Княжна с едва уловимой досадой обернулась к государю и налила ему снова стакан вина. Государь поблагодарил, взяв её руку и поцеловав. Оттого ли, что выпитое вино возбуждало кровь, или действительно воодушевлённое личико княжны Катерины как-то показалось особенно привлекательно, но только остальное время государь почти не отрывал жадного взгляда от нежной грациозной фигуры девушки.
Давно стемнело и было время собираться на назначенный ночлег. Вслед за государем все охотники поднялись с мест.
— Завтра вечером, в саду, — тихо обронила княжна Катерина своему соседу Милезимо.
По заранее определённому расписанию для ночлега была выбрана деревня Горенки, принадлежавшая князю Алексею Григорьевичу, но на этот раз судьба расстроила предположения. В то время как государь вышел из палатки и готовился сесть в ожидавшие его сани, подскакал гонец из Москвы с письмом от Андрея Ивановича. С досадой и явным нетерпением государь развернул записку и прочёл несколько строк кудреватого почерка воспитателя:
«Не благоугодно ли будет вашему величеству поспешить с возвращением в Москву, если пожелаете проститься с сестрицей? Здоровье её высочества Натальи Алексеевны в таком положении, что надеяться на продолжение драгоценной жизни невозможно».

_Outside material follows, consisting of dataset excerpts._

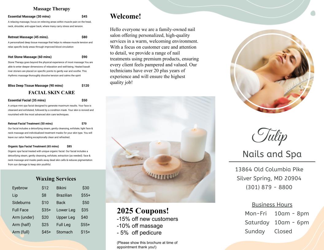 Tulip Nails, a family-owned nail salon, offers a warm and welcoming environment with personalized, high-quality services. Under new ownership since 2025, the salon prioritizes customer care and attention to detail. Technicians possess over 20 years of experience, ensuring a high-quality job. Clients describe the staff as amazing, kind-hearted, beautiful, kind, and patient. The establishment is considered beautiful, and the work is intentional. Tulip Nails provides a relaxing experience, with features like a hot pack for neck comfort. Clients express their love for the salon and plan to return, finding it to be their go-to spot.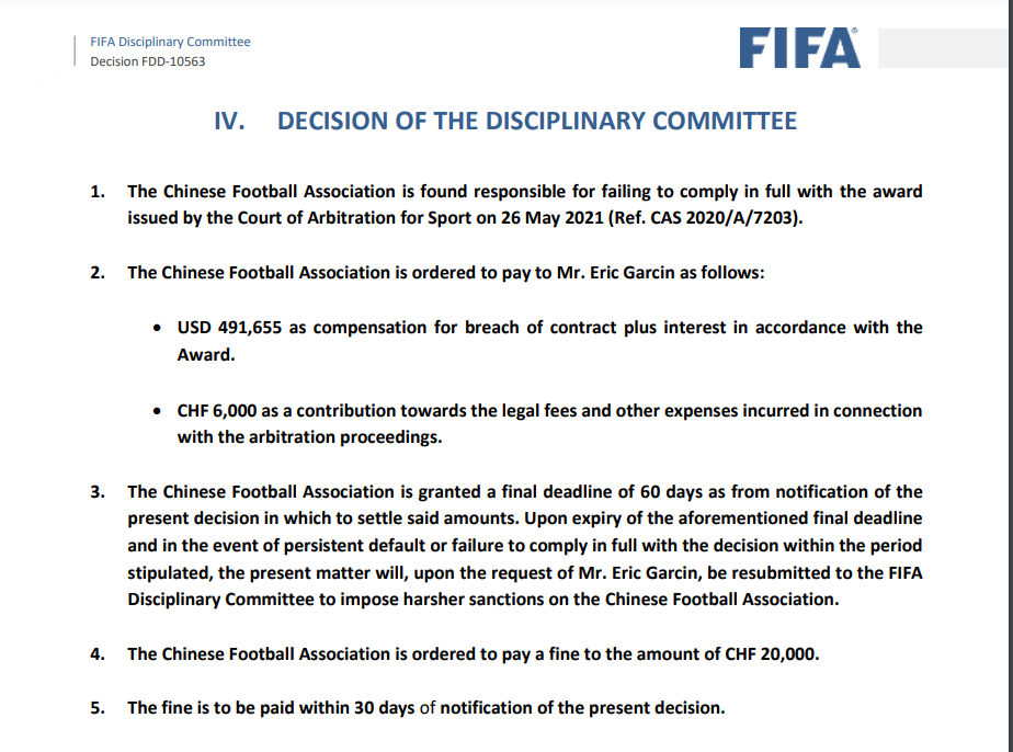 足协拖欠前女足助理教练埃里克违约金的罚单
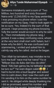 The man, identified as Aliyu Tunde Muhammad Elyaqub on Facebook, shared that the unexpected transfer happened while he was using his phone. Shortly after, the sender reached out, sounding confused and distressed over the error.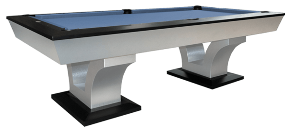 The Luxor Pool table features modern style enclosed solid wood rail system with flat paneled apron with pedestal base legs in brushed aluminum. All Olhausen Pool tables are hand-crafted at our 250,000 sq. ft. manufacturing facility in Portland, TN and feature Accu-Fast Cushions and our Lifetime Warranty.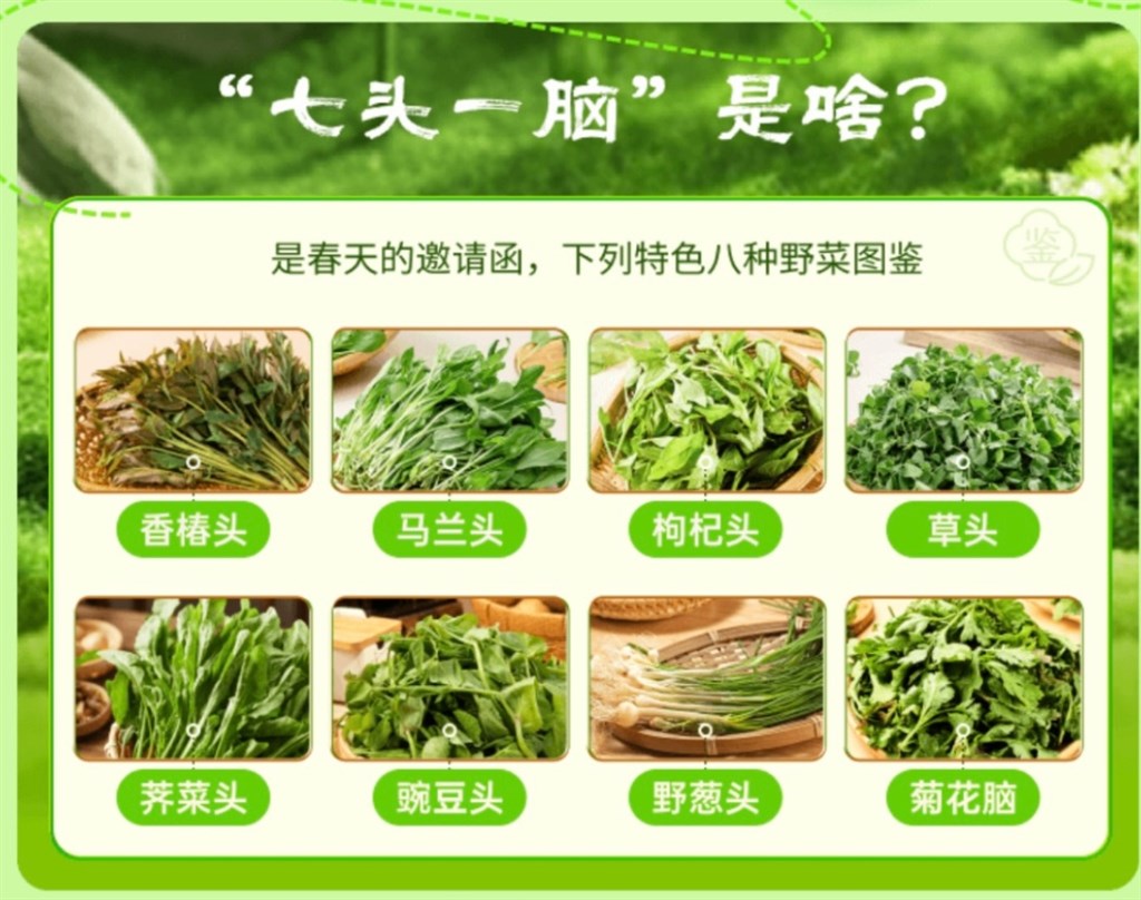 枸杞头、马兰头、荠菜头、香椿头、苜蓿头、豌豆头、小蒜头、菊花脑,从今年2月初开始,备受食客喜爱的“七头一脑”就陆续重返餐桌。华东地区必不可少的春菜“四大金刚”——香椿、蚕豆、雷笋、春韭,以及茉莉花、金雀花等可食用花也将陆续上架。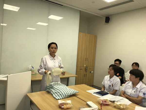 活动最后,来自一附院呼吸科的许丽芬和潘志娟老师,分别就呼吸气囊的使用和雾化吸入治疗进行了试讲。与会老师们踊跃发言,集思广益,圆满完成了此次活动的目标。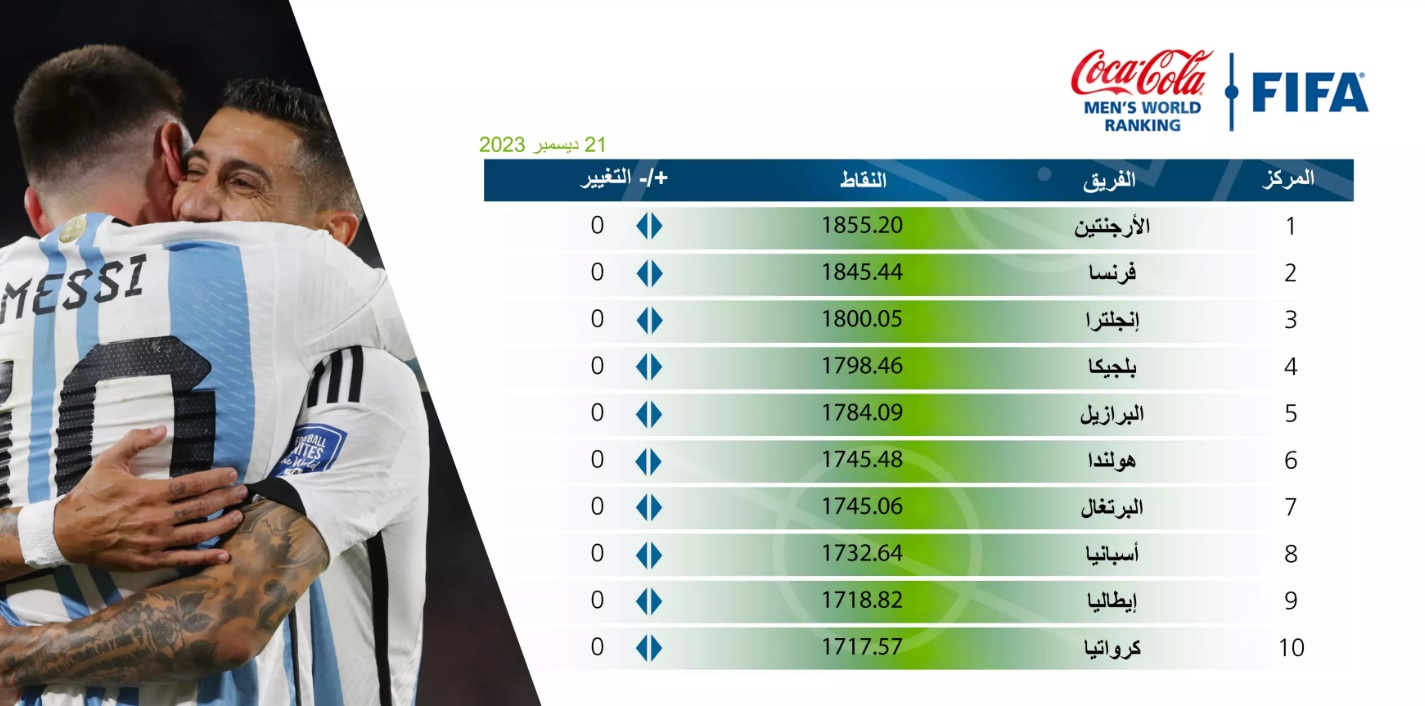 فبعد مرور عام واحد على تتويجها بكأس العالم FIFA قطر ٢٠٢٢، تمكنت الأرجنتين (1) من إنهاء السنة على قمة الهرم الدولي، متبوعة بكل من فرنسا (2) وإنجلترا (3)، علماً أن القائمة لم تشهد أي تغيير مهم على مستوى المراتب الثلاث عشرة الأولى.

С минуту стоял государь в нерешимости. Ему так хотелось ехать в Горенки, где так приятно проходило время, не то что в Москве, где скука, принуждение да нравоучения; притом же в его ли власти помочь сестре! А с другой стороны, если сестра умрёт, не простившись с ним, сестра, которая так любит его и которой, может быть, сделается лучше, если он приедет, может быть, и совсем выздоровеет… Нет, надобно ехать к ней… Андрей Иванович недаром зовёт… и доброе чувство взяло верх.
Через минуту сани государя летели в Москву, далеко оставляя за собой растянувшуюся цепь отставших экипажей. Государь торопил. По чрезвычайной подвижности чувств он теперь горел желанием скорее увидеться с сестрой, забыв о Горенках и об охоте.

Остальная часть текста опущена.